Number four. Maybe that would be the charm. She put the papers in her folder, set them by her purse, then went back across the space, avoiding the bed and heading for the bathroom again. A hot shower, a book to read. She could get through the night. Then, first thing in the morning, she was going to submit the request again. But this time she was going to do it in person. No more company mail and waiting days to find out.

She stripped off her sleep shirt, turned on the shower and stepped under the hot water. As she turned, the light from the bathroom seemed to stream into the shower stall, cutting through the shadows, like in the dream. She shook her head, then lifted her face to the spray and closed her eyes.

She needed to concentrate on life, and what she had to do. As the water streamed around her, she went over and over what she was going to say to Zane Holden when she finally met with him. The rumor was that he didn’t have a heart, but she didn’t buy into that. He just didn’t understand.

If she said the right thing, if she put things in the right way, she knew that he’d understand the importance of what she was doing. She’d talk until he saw her point of view. And after all, it was for the children. Even a heartless man had to care about the children.

Chapter Two

Wednesday

Lindsey found out it was easier said than done to get a face-to-face appointment with Zane Holden. She persevered through frustrating phone calls to his office, and being told he was “unavailable.” But she refused to take no for an answer. Stubbornness. That had always been one of her saving qualities. A quality that had helped her survive everything she’d gone through. What she had, she’d fought for—and the funding for the center was something she’d fight for.

Finally, she got some satisfaction when Zane Holden’s secretary capitulated slightly with “I’ll see if there’s any way to work you in.”

Lindsey tasted a degree of victory when the woman came back on the line. “Mr. Holden can see you for a brief meeting tomorrow morning at nine o’clock.”

A brief meeting? She’d take anything she could get. “Thank you.
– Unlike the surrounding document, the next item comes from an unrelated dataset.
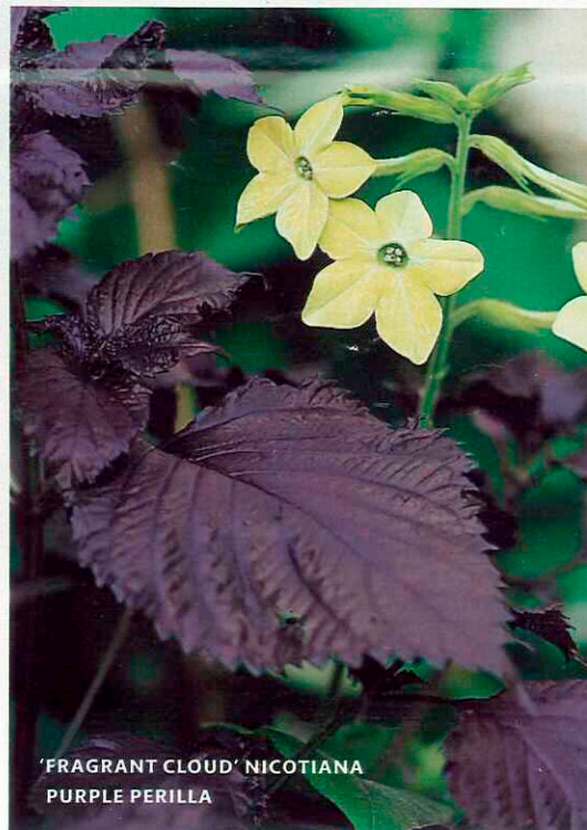
'FRAGRANT CLOUD' NICOTIANA PURPLE PERILLA

ABOVE: This basket hangs like a chandelier over an alfresco dining table, with colorful blossoms rather than crystals. Its sweet-scented 'Priscilla' and 'Royal Velvet' petunias, intertwined with Helichrysum petiolare 'Lemon Licorice,' bloom from late spring to frost, delighting butterflies and hummingbirds as well as diners. TOP RIGHT: The foot-long, golden trumpets of Brugmansia 'Charles Grimaldi' exhale their potent perfume at dusk. This fast-growing tropical shrub may reach a height of eight feet in a single summer's growth. ABOVE RIGHT: Pale Nicotiana 'Fragrant Cloud' blossoms seem to glow against purple-leaved perilla, an herb also known as shiso, brightening a shady spot.
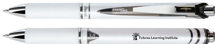
ITEM: BL77PW-AI BARREL/TRIM: ○ Pearl Tone / ● Black INK: ● Black

I’ll be there,” she said, hung up the phone in her office at the center and let out a cheer. “Yes!” she yelled and raised both hands, curling them into fists over her head.

“Shhhh, keep it down.”

She turned and found Amy Blake, her coordinator, at the open door of the small office. The tiny woman, dressed in jeans and a pink sweater, her long dark hair pulled back from a fine-featured face in a single braid, had her arms full of stuffed animals.
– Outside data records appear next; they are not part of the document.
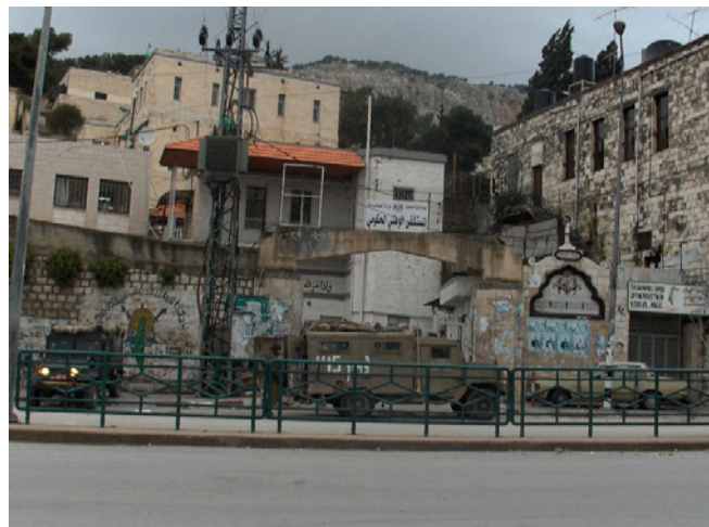
Entrance to Al Wattani hospital Saad Abdel Haq - OCHA / Nablus February 2007

Health centres within the Old City are closed but emergency committee health teams are attempting to circulate to address immediate needs.
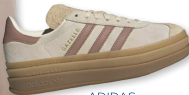
ADIDAS Dickssportinggoods.com, $120
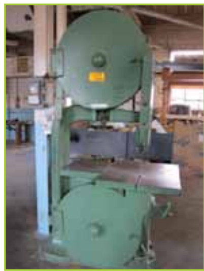
BANDSAW MODEL# 950 WITH 26"X30" WORK TABLE & EXTENSION
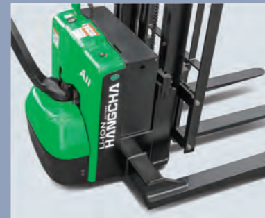
The compact body and rounded design give the pallet truck an ideal footprint for operation in narrow spaces.
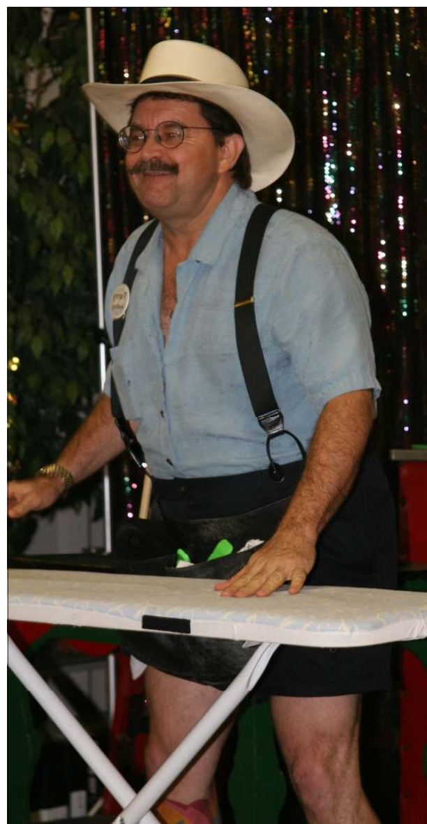
Godfrey The Magician

Laughter was flowing at the September meeting!
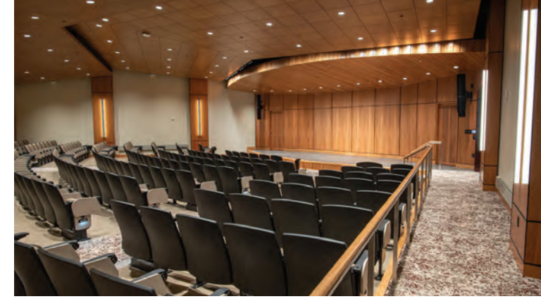
FURCOLO HALL - UMASS KUHNS RIDDLE ARCHITECTS

“Oh, sorry. I thought you were gone,” Lindsey said.

“Taylor’s still in the nap room, and I’m letting her sleep while I pick up a bit. What’s going on?” She came farther into the room as a smile grew on her face. “Come on, tell me. That sounded like a victory yell. We’ve got funding? We can get a new van? Start the Mommy and Me program?”

“No, we don’t have any of that—at least, not yet. But I have a meeting with Mr. Zane Holden, head of LynTech, tomorrow at nine in the morning.”
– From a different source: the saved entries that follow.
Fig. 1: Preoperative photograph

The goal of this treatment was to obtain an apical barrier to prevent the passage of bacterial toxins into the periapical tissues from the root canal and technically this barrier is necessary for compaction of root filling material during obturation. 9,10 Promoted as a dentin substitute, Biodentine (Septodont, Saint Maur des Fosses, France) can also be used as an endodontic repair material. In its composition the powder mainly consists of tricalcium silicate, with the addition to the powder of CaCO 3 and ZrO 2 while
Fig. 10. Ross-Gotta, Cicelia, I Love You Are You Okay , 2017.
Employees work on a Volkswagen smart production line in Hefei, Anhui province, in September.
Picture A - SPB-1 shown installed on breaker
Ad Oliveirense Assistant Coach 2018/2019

“That’s great,” Amy said, but the smile wasn’t as big now. Lindsey knew that Amy had more to lose than she did if the center had to make drastic cuts. She barely made enough now to support herself and her daughter. But being employed here was the only way Amy could be with her tiny daughter and still work.

“At least I can talk to the man face-to-face instead of through notes. It took me forever to convince his secretary, ‘the human iceberg,’ that I needed to see him in person.” Her sense of victory was starting to fade under nervous anticipation of the meeting. “I’ve got prep to do before the meeting.”